Broome Street looking east.
Broome Street helps to relieve Canal Street with cross-town traffic.
Since Broome Street is not very wide to begin with, the street experiences
a lot of traffic congestion. Moses believed the LOMEX would aid with
the movement of local traffic. From nycroads.com: "The removal of
through passenger and commercial traffic from the local streets would in
itself provide much needed relief for local and short trip movements.
In addition, surface improvements would be provided as a part of the expressway
program with the result that additional capacity would be available for
local traffic (from the 1955 Joint Study of Arterial Facilities)."
Broome Street, looking west.
Broome Street and Centre Street, looking south at Centre Street. The LOMEX would take on a different appearance from this point on. From nycroads.com: "Near Centre Street, the outer lanes of the highway would descend and pass under Elizabeth Street, continuing eastward in an open-walled cut to the Williamsburg Bridge Plaza. All streets except Mulberry and Mott would be carried across bridges over the depressed highway."
This particular section of the Brooklyn-Queens Expressway, located in the neighborhood of Red Hook, gives us a good indication of what the depressed highway would look like. The open-walled highway cut for the LOMEX was to transverse the neighborhoods of Little Italy, Chinatown, and the Lower East Side.
Approaching the corner of Broome and Mulberry Streets.
According to the LOMEX highway plans, the neighborhoods of Little Italy and Chinatown would have been divided in to two, since engineers did not allow Mulberry Street and Mott Street to have a through-connection that would have traversed the expressway. Dividing the neighborhoods would not have been a good thing for the communities involved.

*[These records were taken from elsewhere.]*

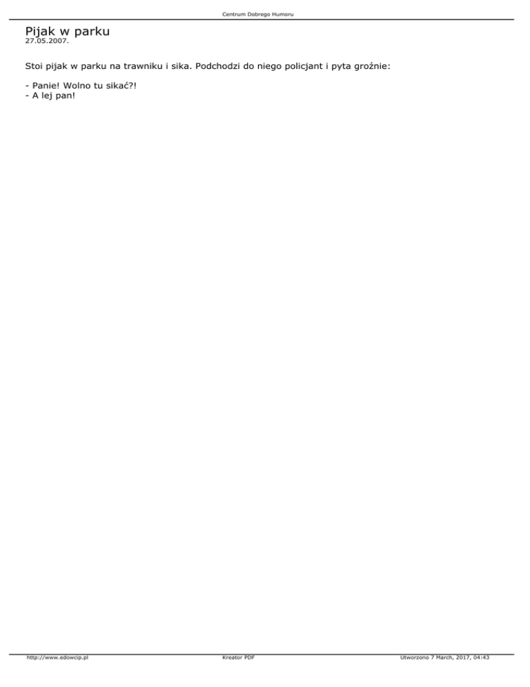 Centrum Dobrego Humoru Pijak w parku 27.05.2007. Stoi pijak w parku na trawniku i sika. Podchodzi do niego policjant i pyta groźnie: - Panie! Wolno tu sikać?! - A lej pan! http://www.edowcip.pl Kreator PDF Utworzono 7 March, 2017, 04:43
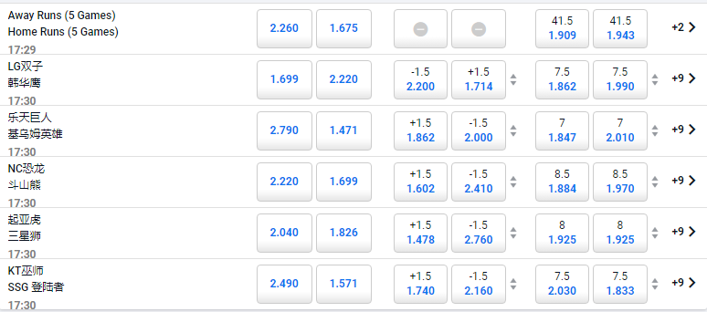 韩国棒球联赛KBO的盘口和赔率,数据来自于平博体育pinnacle
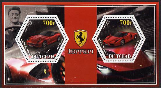 Chad 2014 Ferrari Cars #3 perf sheetlet containing two hexagonal-shaped values unmounted mint
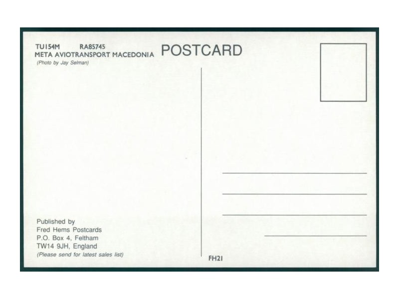 Wingtip Postcards W138; 5.5''x4.2'' (139x107); new
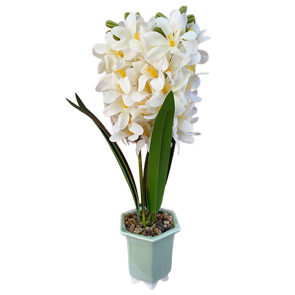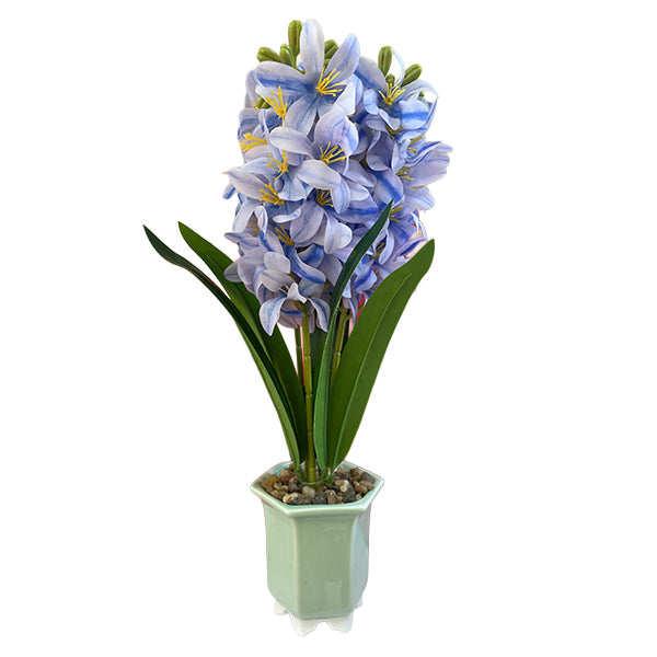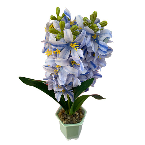 Este jacinto artificial con maceta aporta un toque de color y elegancia natural sin necesidad de cuidados. Su diseño realista y su vibrante floración lo convierten en el complemento perfecto para hogares, oficinas o vitrinas.
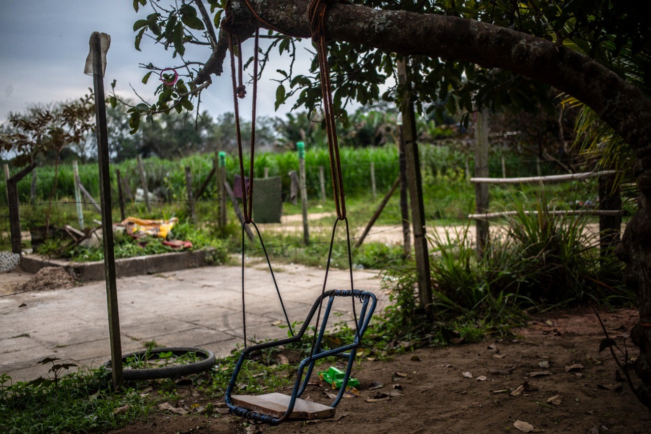 No quintal em frente ao instituto, ele improvisou um balanço em uma árvore – um brinquedo para os filhos, uma tentativa de transformar a escola abandonada em um lar.
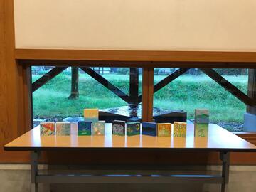 本願清水イトヨの里では、日頃から交流がある開成中学校3年生が美術教科で制作した作品を展示します。
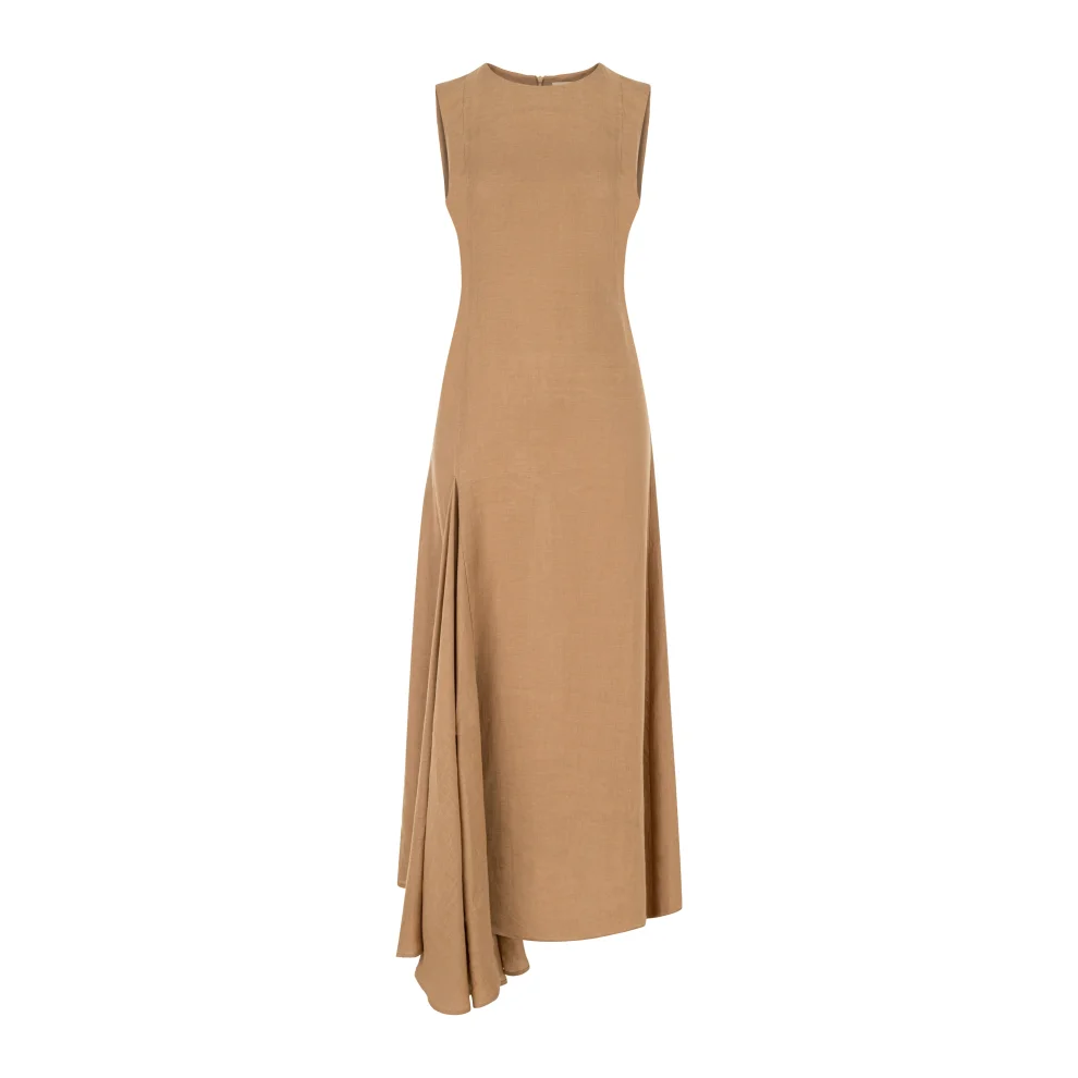 Sleeveless, crew neck dress with asymmetrical slit, 100% Belgian Linen, Model Size: S - Height:176 cm, Bust: 81 cm, Waist:64 cm, Hips: 89 cm

Notice how Broome Street is now only a two-lane thoroughfare at this
Here is what happens when a depressed highway cuts across a neighborhood and there isn't a bridge to provide access to the other side of the street. Warren Street in Red Hook Brooklyn is split in to two because a bridge was not built in order to traverse the trenched section of the Brooklyn-Queens Expressway. Mulberry and Mott Streets would have suffered the same fate had the LOMEX been built.